DNS Problem?

[netadmin06]

Hello, I am having a very annoying problem with my Windows 2003 server Domain Controller/DNS Server/DHCP Server (same machine does all this)...it boots up fine, no errors in event viewer, all clients authenticate fine and can access the internet fine. However, every 2 or 3 hours, all clients lose "partial" internet connectivity. I say partial because even though clients cannot browse the Internet ( they get the "this page cannot be displayed" message in their browser),their msn messengers still work, they can still chat with their contacts...it is weird...they don't get disconnected from msn messenger but when they go to a website using either IE or Firefox they cannot browse the net, it's like if they were offline for browsing websites. If I reboot the Domain Controller they can browse again the internet fine with no problems for another few hours until it happens again...is this a DNS problems?? Should I check something?? Please help..Thanks in advanced

 

[basst]

When the clients loose connectivity to the Internet can you ping a web site that replies to pings such as

http://www.novell.com?

If clients get a reply then you have a DNS problem.

Open the server properties of your DNS console and select the monitoring tab.

Check the boxes to perform simple and recursive tests.

Also check the automatic testing box and perform the test every 30 mins to see if the server has a problem performing lookups.

 

[netadmin06]

No, when clients lose Internet they cannot ping any website...Domain controller also loses connectivity to the Internet....but when I reboot Domain Controller then the Internet comes back for a couple of hours...I have noticed that in the DNS log in event viewer I get error id's 4015 and 4011.........any suggestions? Thanks alot

 

[Tyras]

When the clients are down you said you are not able to ping by DNS name (

http://www.novell.com)

but can you ping to IP address? ( I always use 4.2.2.1) If your getting responses from the IP address, then you most likely have a DNS issue. I would take a look at what DHCP is assigning for DNS (only DC or DC with ISP secondary?) and try assigning something else. Also on your DNS server look at the forwarders. Is that DNS server it forwards to having problems? Try a different known DNS server and see what happens.

BTW-
4.2.2.1 is a known good DNS server, also
try

http://www.opendns.org

Tyras

 

[netadmin06]

I was not able to ping using either name or ip address...someone suggested to stop and restart the dns server service, I've done that and, as of now, is working fine but I am not sure if it will stay that way, I will let you know in a few hours..Thanks so much..

 

[netadmin06]

This is very frustrating, we are still having the problem..after a few hours all clients and DC lose internet connection until I reboot the DC :-(

PS Clients that have msn messenger on can still chat with their contacts ..weird!

 

[ShackDaddy]

If you really can't ping by IP, then it's not a DNS problem. Are you running ISA on your server? Some sort of proxy service? What do your clients point at for a default gateway?

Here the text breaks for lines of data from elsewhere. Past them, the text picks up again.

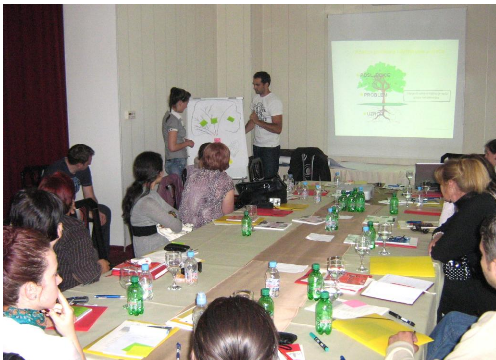
Workshop “Planning and Budgeting of Mini Projects” in Sarajevo 24 and 25 May 2011
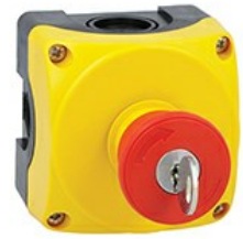
Yellow control station LPZP1A5 complete with mushroom pushbutton turn-key-to-release LPCB6844 1NO+1NC LPZP1B5607
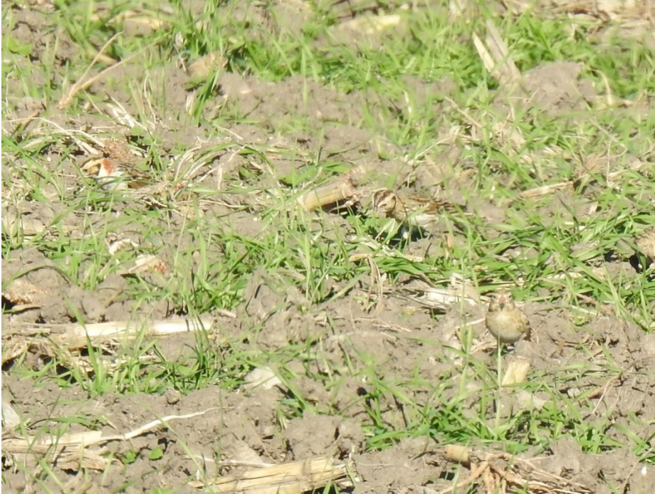
Lapland Longspurs, Milam County

Longspur sp. – In Milam , where longspur sp. are rarely reported, a mixed flock included at least 2 Chestnut-collared Longspurs, 35 Lapland Longspurs, and 4 McCown's Longspurs in a plowed field near Clarkson 23 Dec (ph. † Karen Pair).
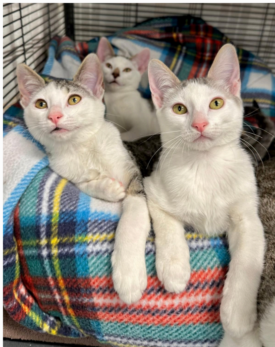
Adventurous Whale (left) and the cuddle crew (right): Hammerhead, Mako, and Tiger ❤️

If you're ready to bring joy, laughter, and a little bit of sunshine into your home, come meet the Shark litter at our Adoption Center this weekend. We're open Wednesdays through Fridays from noon to 5:00 pm, and Saturdays and Sundays from 10:00 am to 5:00 pm.
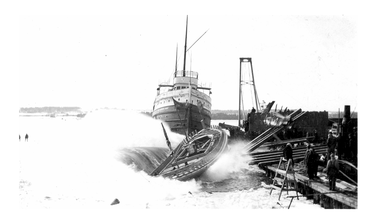
FIGURE 2. Launch of the tugboat Edward E. Gillen at Sturgeon Bay, WI, 1928 (Milwaukee Public Library).
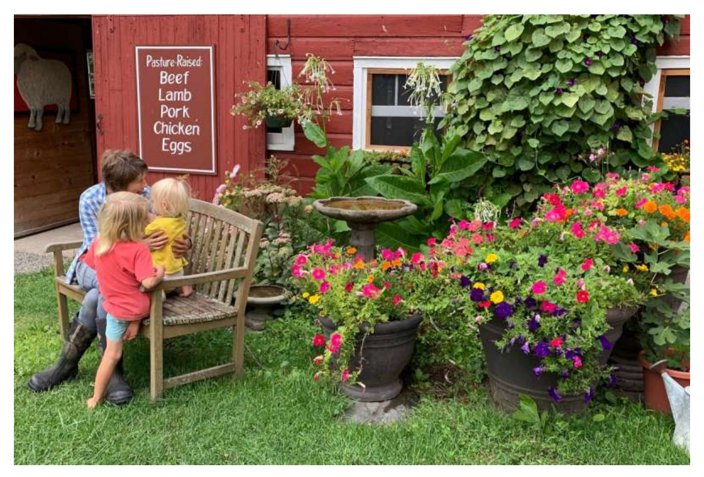
Kinderhook supplies essential gear like high chairs to make it easy to stay with small kids. Kinderhook Farm

Farm Stay at Kinderhook Farm, Columbia County
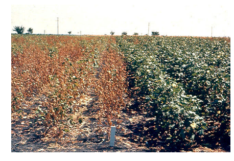
Figure 4. Cotton field exhibiting black arm stage of the disease of susceptible (left) and resistant (right) varieties.
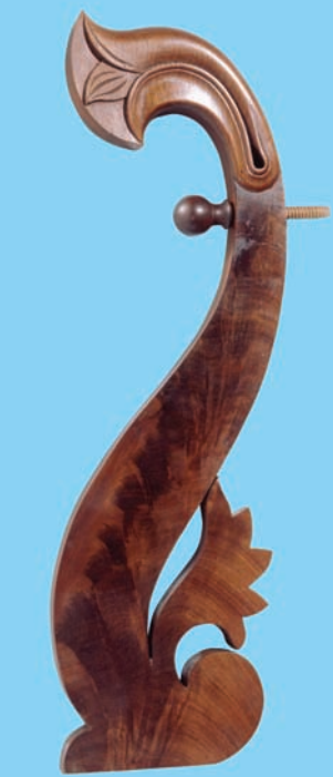
Bureau, 1855 Owned by Governor David S. Reid [Detail] Pillar and scroll mirror supports
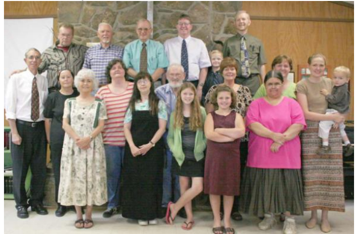
Mid-West Deaf Camp Meeting
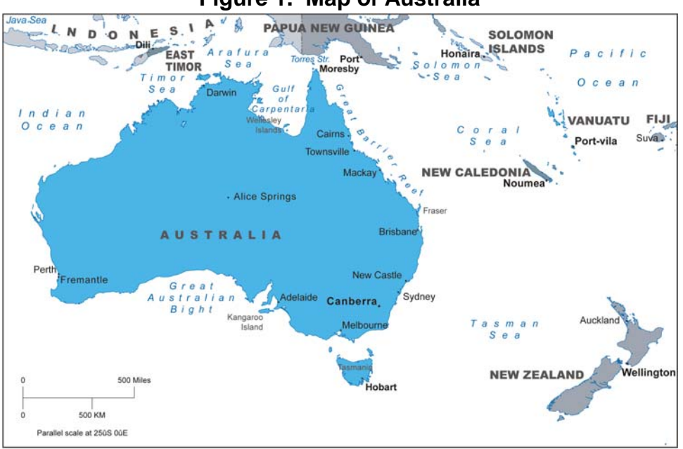
Figure 1. Map of Australia

Asia or whether it will seek to use East Asian regionalism to exclude the United States, which neither Australia nor Japan would wish to see.<sup>110</sup>
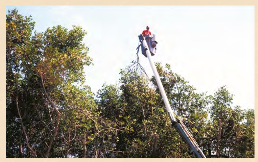
Professional Mangrove Trimmer

Note: Membership in an organization generally does not constitute certification by that organization.
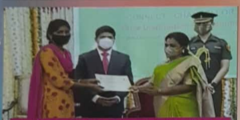
🚪 గవర్మర్ గాలి నుండి ప్రశంసాపత్రం అందుకుంటున్న మన విద్యాల్ది

You really can't ping 130.57.5.25 when things are out of whack, right? The answer to that question matters a lot.

ShackDaddy

 

[netadmin06]

Yes, I cannot ping any ip's when the DC loses internet connectivity......I am not running ISA .......clients point to the router for the default gateway ( 192.168.x.x)...we are not using a proxy server....I've noticed that maybe every 3 days or so I get errors in the event viewer for DNS, errors 4005 and 4015..there errors do not appear every time the DC loses internet connectivity......

 

[ShackDaddy]

Next time the problem occurs, change a workstation's DNS to point to your ISP's DNS instead of at your server. See if that workstation can get onto the internet. If it can't, the problem probably has nothing to do with your server.

Already it sounds more likely to be your router, if you can't ping outside IP's. You could have your server turned off and still do that, if your router was ok.

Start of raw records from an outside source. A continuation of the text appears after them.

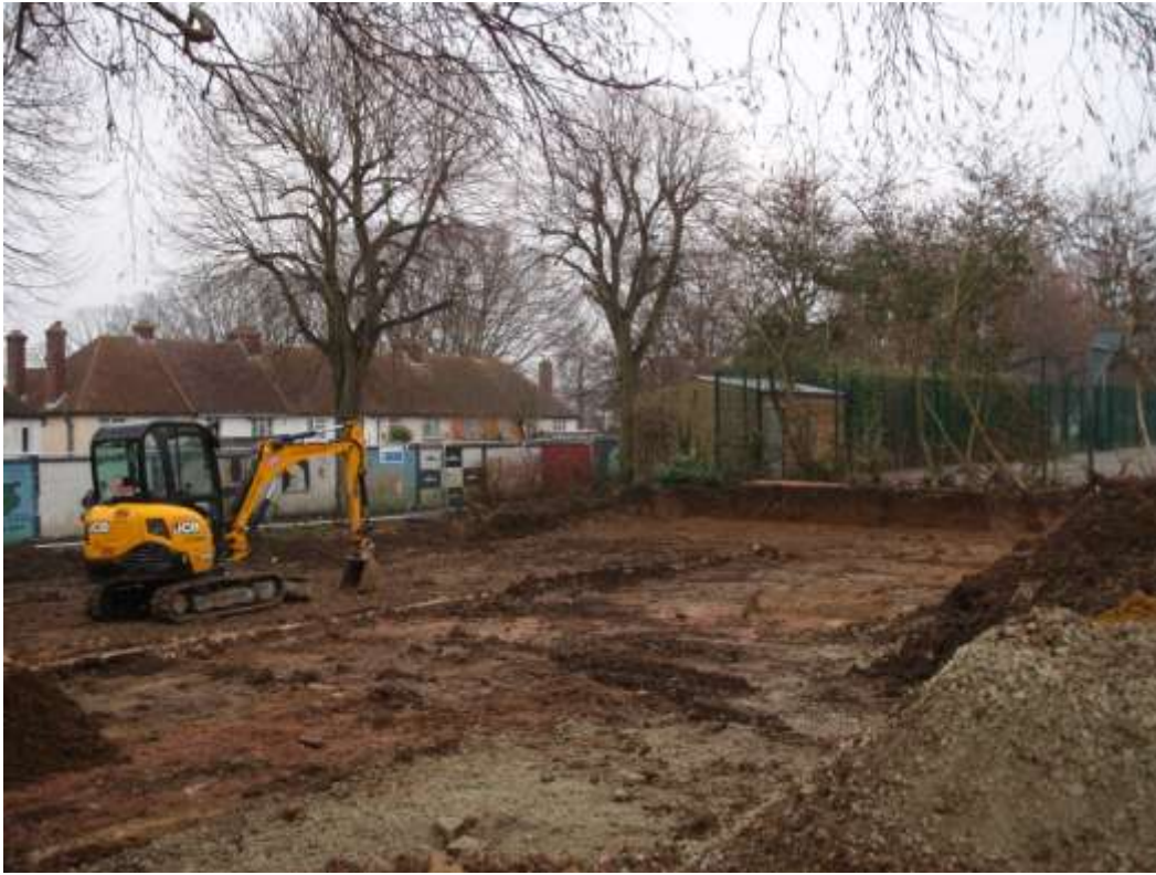
Plate 1. Topsoil strip (looking NE)
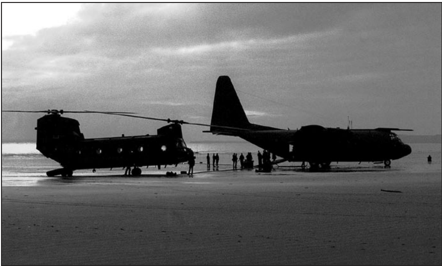
Figure 3. Special Operations C-130 and Chinook. C-130 transloads fuel and personnel to a Chinook at an austere landing zone.

The flying part of special operations aviation is the most difficult to achieve because of resources, manpower, and fiscal considerations. MC 437/1 requires that a national special operations task group possess the ability to infiltrate and exfiltrate using air [emphasis added], land, and sea means into and out of the opera-
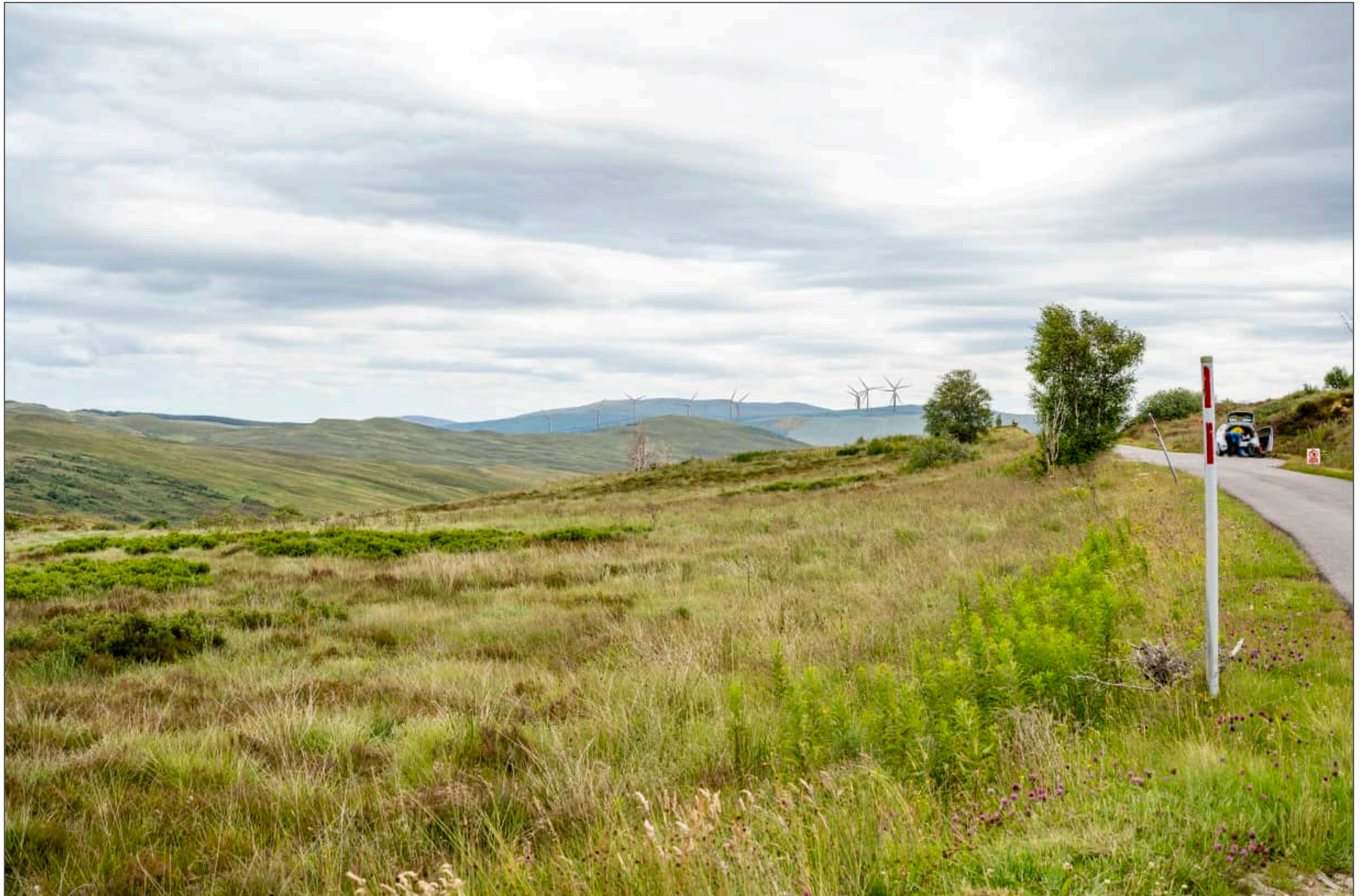
Viewpoint 21 (Figure 4.33j) A837, Loch Craggie

Do you happen to be power cycling your router at the same time as your DC? Given what you've told me, I don't see why rebooting your server should have any affect on the problem. Unless the problem is really DHCP. Maybe you've set an extremely short lease time and for some reason the server stops renewing leases and everyone is "off the network"... but that wouldn't keep the server from accessing the internet.

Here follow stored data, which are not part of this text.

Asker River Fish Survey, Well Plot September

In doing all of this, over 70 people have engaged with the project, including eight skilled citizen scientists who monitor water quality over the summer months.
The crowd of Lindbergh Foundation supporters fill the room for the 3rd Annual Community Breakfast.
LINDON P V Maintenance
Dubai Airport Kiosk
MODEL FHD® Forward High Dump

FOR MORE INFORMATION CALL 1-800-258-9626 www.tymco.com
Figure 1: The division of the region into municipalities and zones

My advice is to stop thinking about DNS and start looking at other things.

ShackDaddy

 

[netadmin06]

Thanks ShackDaddy I will do that, but let me ask you this...Every time clients cant browse the internet, i then reboot the server, and then after the server is backup the internet comes back...wouldn't that mean that the problem is in the server??...

I will for sure stop thinking about DNS, that is great advice...the lease duration for DHCP is 3 days...

I do not recycle the router, only the server

 

[ShackDaddy]

How did the workstation test turn out?

Is your server dual-homed? Two NICs?

Do you have a client machine in the building (or could you bring one in) that's not a member of the domain? Does the same thing happen to that client? If a client has a hardcoded IP address, does the problem affect it?

ShackDaddy

 

[netadmin06]

Hi guys, my problem has been solved!! it turns out that I had to configure a reverse lookup zone in DNS manager ...after I did that the Internet does not go down anymore...Thanks to all!

 

[ShackDaddy]

If that makes sense to anybody, please let me know!